At $99, the AirPods 4 have crossed a new threshold: they’re the thing you just buy. That new accessibility is meaningful for a product that has stubbornly held its price for most of 2026. The fourth generation brought a redesigned fit that finally works for people the previous stem design never sat right for, improved audio, and a personalized spatial audio experience that adjusts to your ear shape.
They connect instantly to any Apple device, hand off seamlessly between iPhone, iPad, and Mac, and disappear into a pocket in a case the size of a dental floss container. If you’re already in the Apple ecosystem and you’re still using wired earbuds or an older pair, there is genuinely no better moment to fix that than right now.
If a product’s primary appeal is a thirty-second demonstration on TikTok, that’s usually because thirty seconds is all the use you’d actually get out of it. I skipped every product whose value proposition was the video, not the thing.
There’s an entire category of Amazon items that exists in a permanent state of 40% off—unbranded charging cables, no-name Bluetooth speakers, generic smart plugs from manufacturers whose warranty support is a return label and nothing else. These aren’t deals. They’re the default price.

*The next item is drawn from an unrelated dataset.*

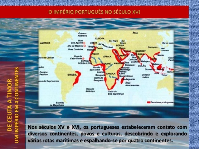 15. 15. DECEUTAATIMOR UMIMPÉRIOEM4CONTINENTES Nos séculos XV e XVI, os portugueses estabeleceram contato com diversos continentes, povos e culturas, descobrindo e explorando várias rotas marítimas e espalhando-se por quatro continentes.

A 55-inch TV is not a summer purchase. A space heater is not a Memorial Day deal I’m interested in. I filtered hard for timing and relevance: if it doesn’t serve the next three months of your life, the discount doesn’t matter.
What I’ve put in this list is what I’d actually spend money on. Because summer is coming, and these are the tools that make summer better: more mobile with less friction. At a moment when most of us are spending more carefully—the Memorial Day sale is a window for buying what you were already going to buy, at a price that reflects actual value. Every product on this list meets that standard.